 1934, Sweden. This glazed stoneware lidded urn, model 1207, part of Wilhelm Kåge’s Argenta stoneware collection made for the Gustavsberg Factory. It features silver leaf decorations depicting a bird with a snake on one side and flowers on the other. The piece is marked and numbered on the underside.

************

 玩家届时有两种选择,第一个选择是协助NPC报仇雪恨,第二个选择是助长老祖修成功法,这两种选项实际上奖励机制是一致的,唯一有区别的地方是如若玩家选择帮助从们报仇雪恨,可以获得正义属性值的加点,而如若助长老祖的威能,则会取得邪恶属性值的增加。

************

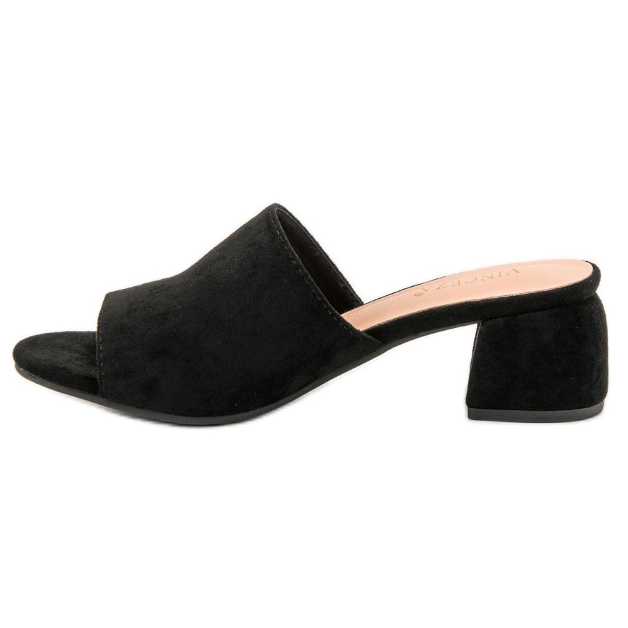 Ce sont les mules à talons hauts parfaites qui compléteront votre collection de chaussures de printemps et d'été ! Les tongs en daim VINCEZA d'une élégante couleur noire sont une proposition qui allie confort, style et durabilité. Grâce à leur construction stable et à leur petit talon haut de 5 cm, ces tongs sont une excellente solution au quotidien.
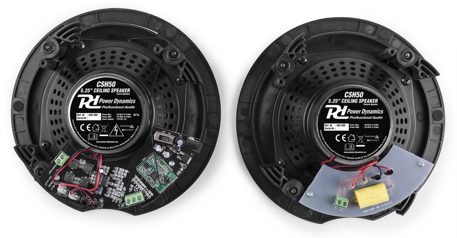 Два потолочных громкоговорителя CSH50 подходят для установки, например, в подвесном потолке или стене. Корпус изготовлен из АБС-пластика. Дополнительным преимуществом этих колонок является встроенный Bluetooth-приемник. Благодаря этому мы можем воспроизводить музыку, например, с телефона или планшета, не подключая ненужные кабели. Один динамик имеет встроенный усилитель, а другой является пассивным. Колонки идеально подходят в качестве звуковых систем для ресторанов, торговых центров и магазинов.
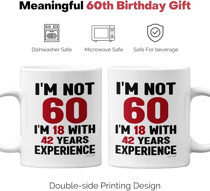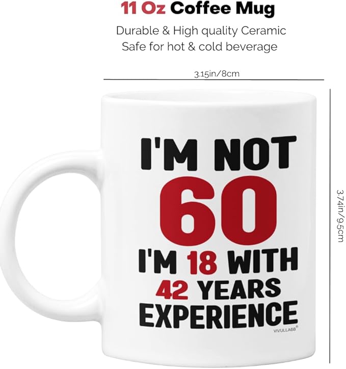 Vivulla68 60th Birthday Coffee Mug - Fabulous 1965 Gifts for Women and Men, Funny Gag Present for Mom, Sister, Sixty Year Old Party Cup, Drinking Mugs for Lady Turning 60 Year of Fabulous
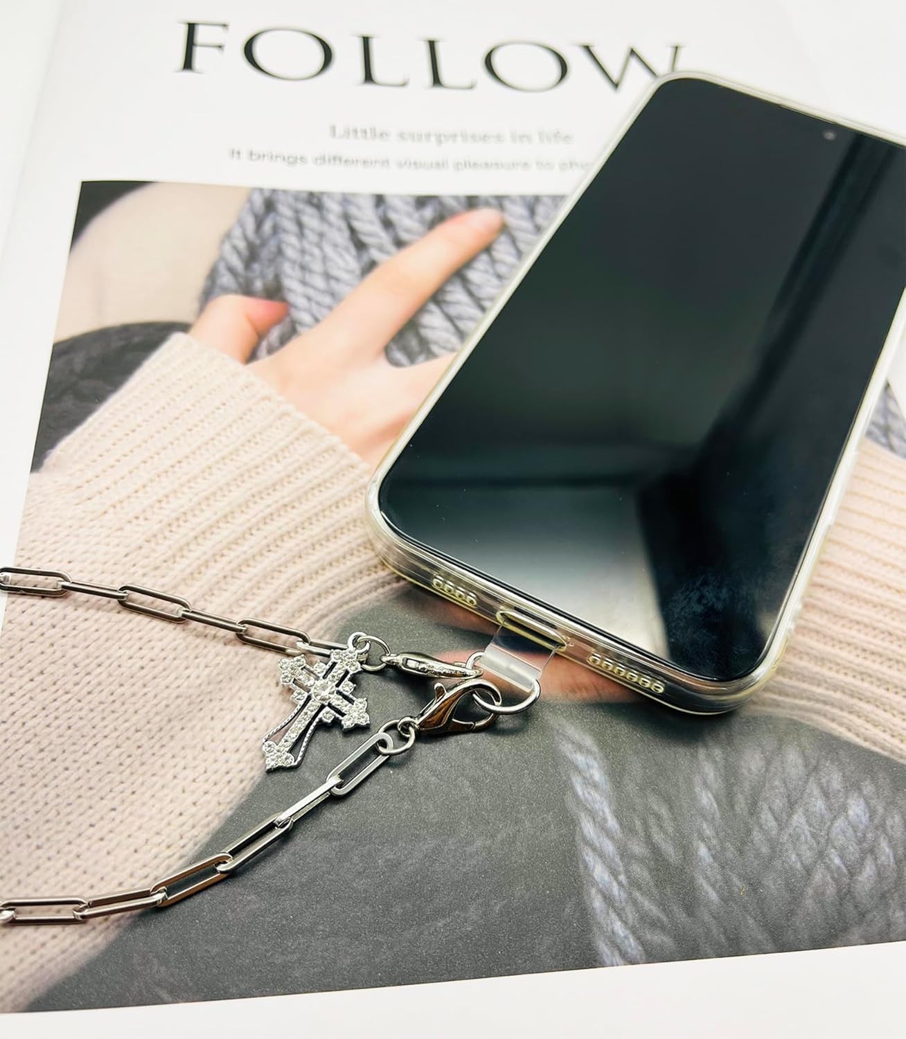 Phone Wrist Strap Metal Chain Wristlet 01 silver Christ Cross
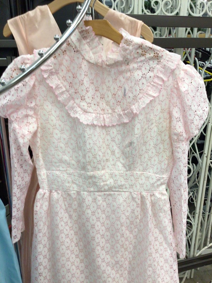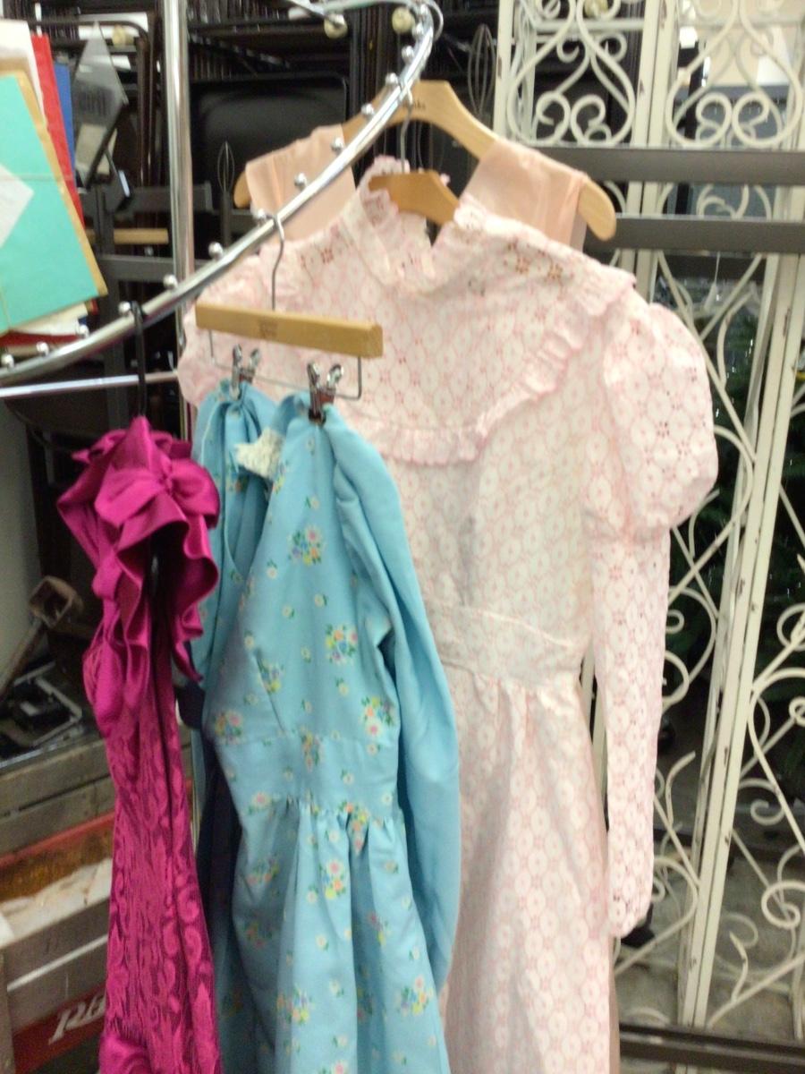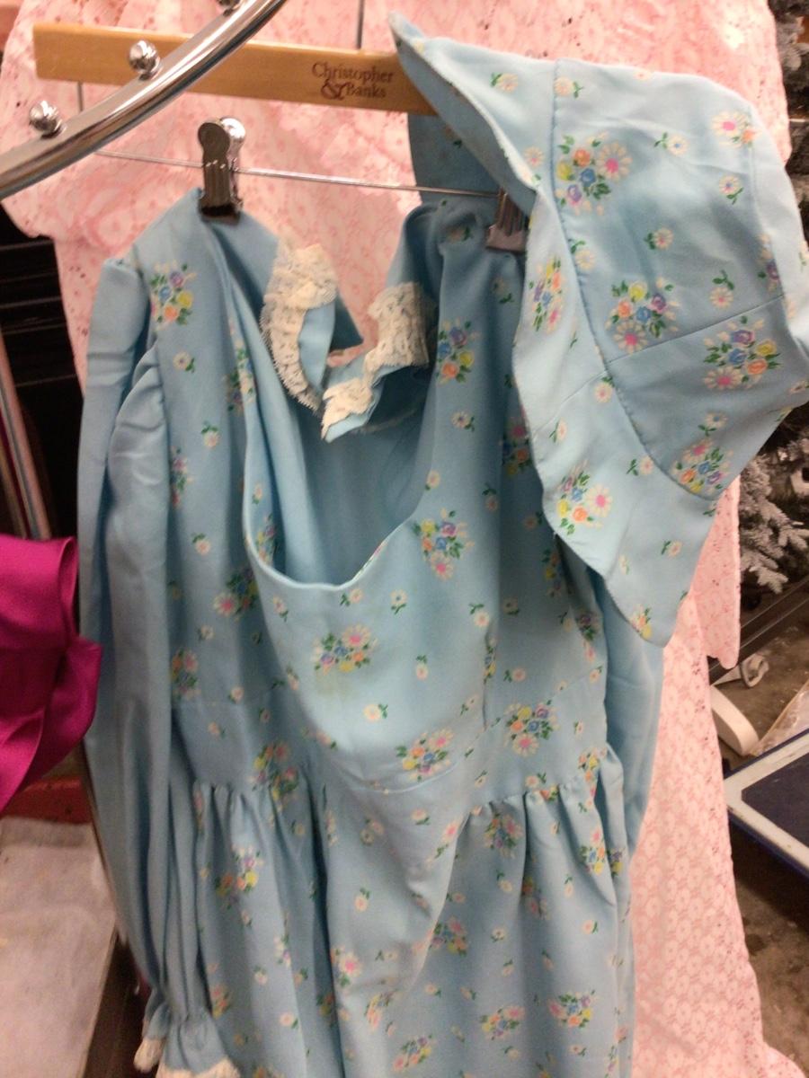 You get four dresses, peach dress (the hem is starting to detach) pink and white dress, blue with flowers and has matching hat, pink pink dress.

************

- _Problem statement_: Output exactly the lines above, beginning at the one with "Два потолочных громкоговорителя" and stopping after the one with "You get four". Pictures are to be omitted.

- _Your response_:
 Два потолочных громкоговорителя CSH50 подходят для установки, например, в подвесном потолке или стене. Корпус изготовлен из АБС-пластика. Дополнительным преимуществом этих колонок является встроенный Bluetooth-приемник. Благодаря этому мы можем воспроизводить музыку, например, с телефона или планшета, не подключая ненужные кабели. Один динамик имеет встроенный усилитель, а другой является пассивным. Колонки идеально подходят в качестве звуковых систем для ресторанов, торговых центров и магазинов.
 Vivulla68 60th Birthday Coffee Mug - Fabulous 1965 Gifts for Women and Men, Funny Gag Present for Mom, Sister, Sixty Year Old Party Cup, Drinking Mugs for Lady Turning 60 Year of Fabulous
 Phone Wrist Strap Metal Chain Wristlet 01 silver Christ Cross
 You get four dresses, peach dress (the hem is starting to detach) pink and white dress, blue with flowers and has matching hat, pink pink dress.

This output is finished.